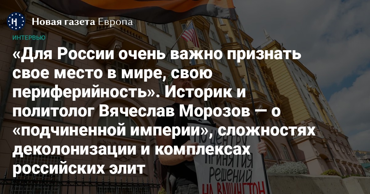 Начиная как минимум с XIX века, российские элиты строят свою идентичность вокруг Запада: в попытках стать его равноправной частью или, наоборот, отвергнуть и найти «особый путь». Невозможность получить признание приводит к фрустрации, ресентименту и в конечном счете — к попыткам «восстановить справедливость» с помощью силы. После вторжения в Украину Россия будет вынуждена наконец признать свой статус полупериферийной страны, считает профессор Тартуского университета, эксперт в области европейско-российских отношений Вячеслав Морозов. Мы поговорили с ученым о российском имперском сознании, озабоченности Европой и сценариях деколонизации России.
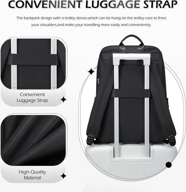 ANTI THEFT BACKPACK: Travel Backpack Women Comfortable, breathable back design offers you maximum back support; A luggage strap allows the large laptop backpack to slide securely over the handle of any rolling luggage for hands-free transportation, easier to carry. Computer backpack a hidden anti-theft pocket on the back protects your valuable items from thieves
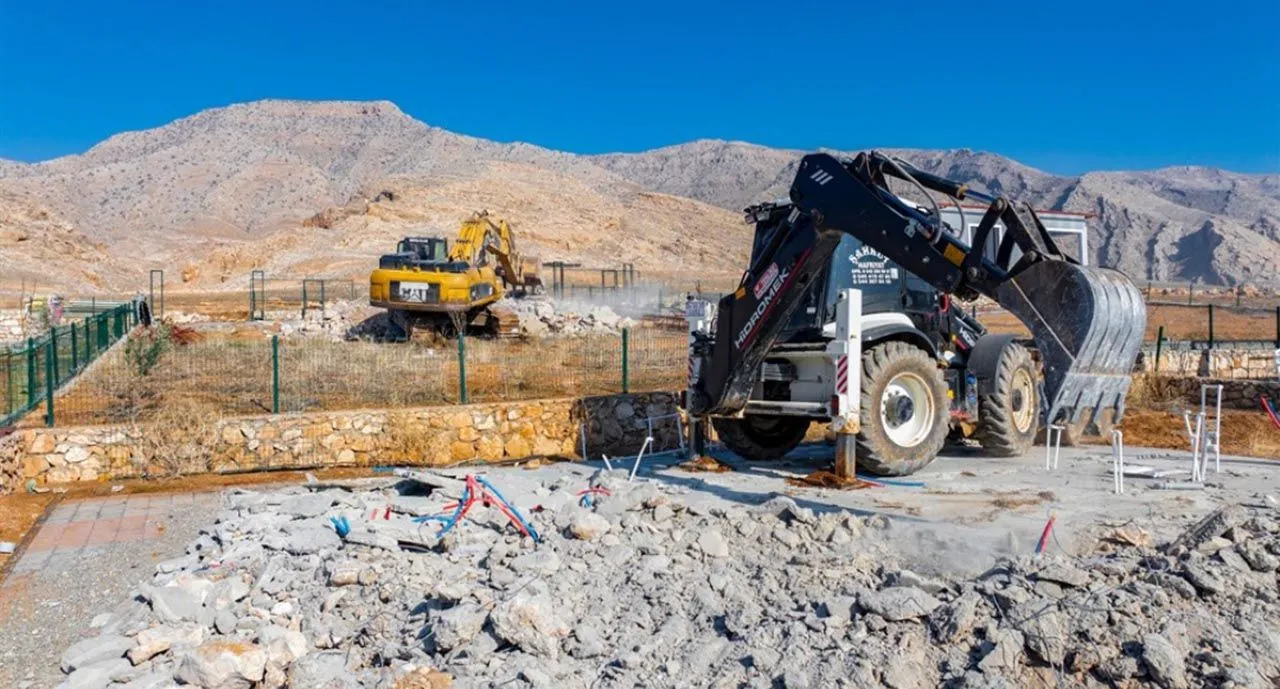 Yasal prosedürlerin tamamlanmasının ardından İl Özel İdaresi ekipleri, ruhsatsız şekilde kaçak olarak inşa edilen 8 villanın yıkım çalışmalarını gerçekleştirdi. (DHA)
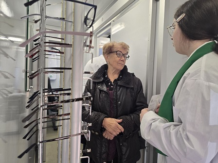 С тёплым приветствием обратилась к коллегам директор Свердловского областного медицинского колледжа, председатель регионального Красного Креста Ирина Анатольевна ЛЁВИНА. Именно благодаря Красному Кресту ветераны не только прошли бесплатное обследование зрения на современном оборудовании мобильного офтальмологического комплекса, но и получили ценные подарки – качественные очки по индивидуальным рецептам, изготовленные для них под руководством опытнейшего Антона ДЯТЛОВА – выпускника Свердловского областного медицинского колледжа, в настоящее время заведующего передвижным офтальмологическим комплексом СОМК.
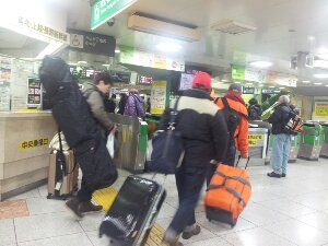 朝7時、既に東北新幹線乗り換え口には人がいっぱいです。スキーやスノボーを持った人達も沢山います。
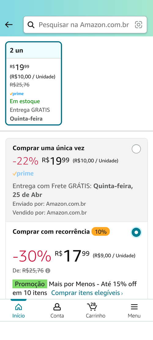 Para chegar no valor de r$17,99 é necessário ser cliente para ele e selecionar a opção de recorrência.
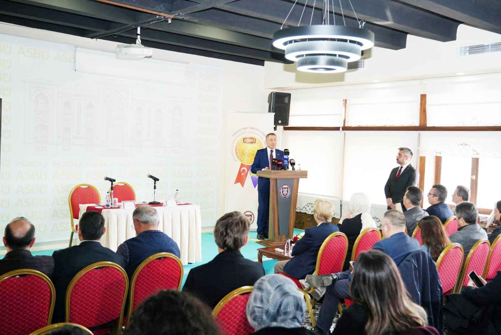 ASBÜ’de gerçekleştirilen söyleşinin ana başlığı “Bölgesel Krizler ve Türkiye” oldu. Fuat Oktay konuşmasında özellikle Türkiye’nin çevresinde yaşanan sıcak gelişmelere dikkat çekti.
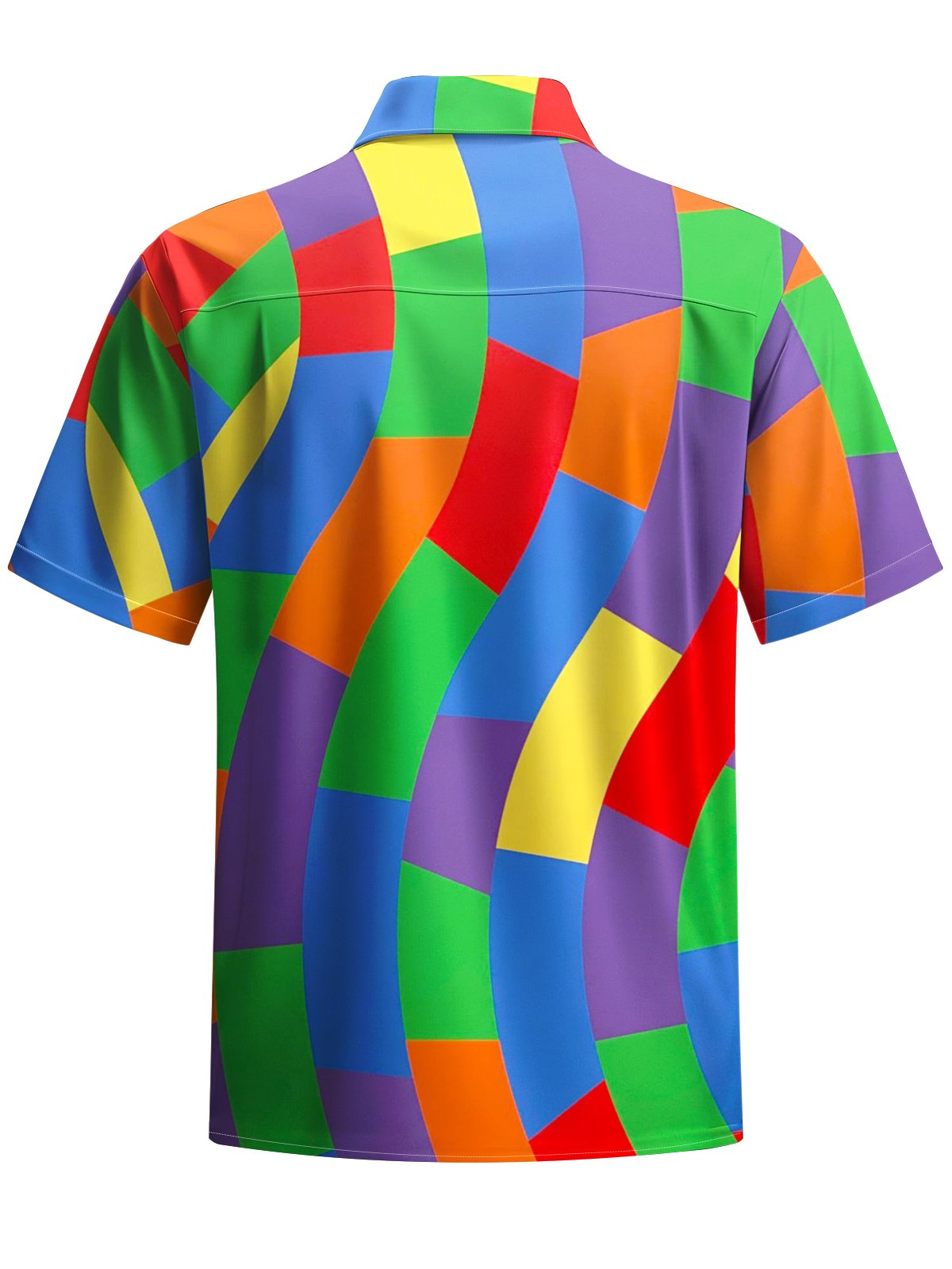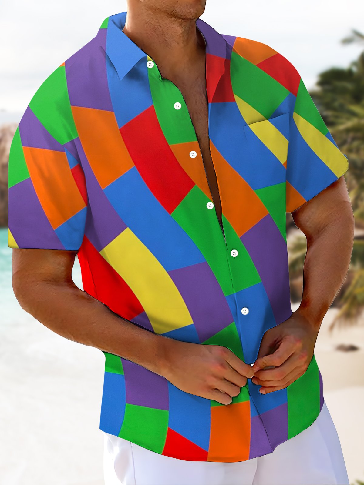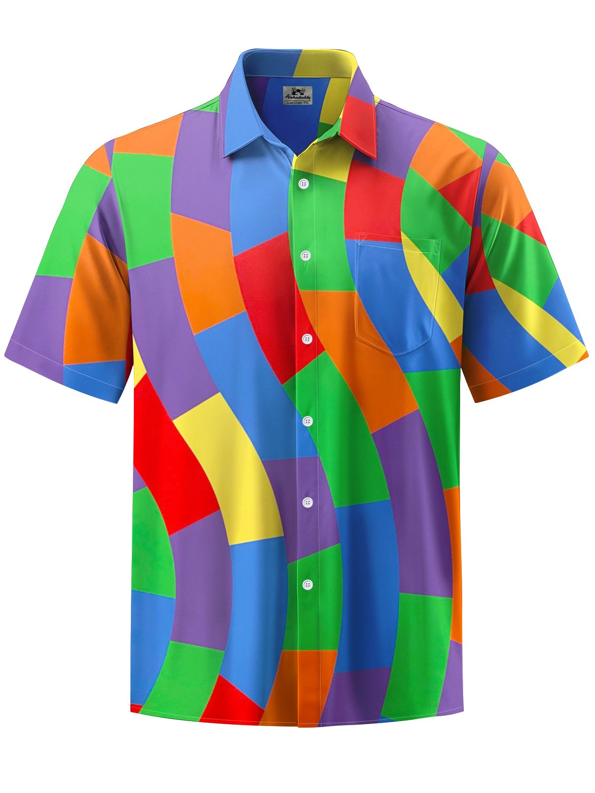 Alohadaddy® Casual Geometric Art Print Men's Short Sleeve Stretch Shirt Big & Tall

-------------------------

> What this task involves
Starting with the first line of the material, print each line exactly until you have printed the line with "ANTI THEFT BACKPACK: Travel", and skip the pictures.

> Answer space
 Начиная как минимум с XIX века, российские элиты строят свою идентичность вокруг Запада: в попытках стать его равноправной частью или, наоборот, отвергнуть и найти «особый путь». Невозможность получить признание приводит к фрустрации, ресентименту и в конечном счете — к попыткам «восстановить справедливость» с помощью силы. После вторжения в Украину Россия будет вынуждена наконец признать свой статус полупериферийной страны, считает профессор Тартуского университета, эксперт в области европейско-российских отношений Вячеслав Морозов. Мы поговорили с ученым о российском имперском сознании, озабоченности Европой и сценариях деколонизации России.
 ANTI THEFT BACKPACK: Travel Backpack Women Comfortable, breathable back design offers you maximum back support; A luggage strap allows the large laptop backpack to slide securely over the handle of any rolling luggage for hands-free transportation, easier to carry. Computer backpack a hidden anti-theft pocket on the back protects your valuable items from thieves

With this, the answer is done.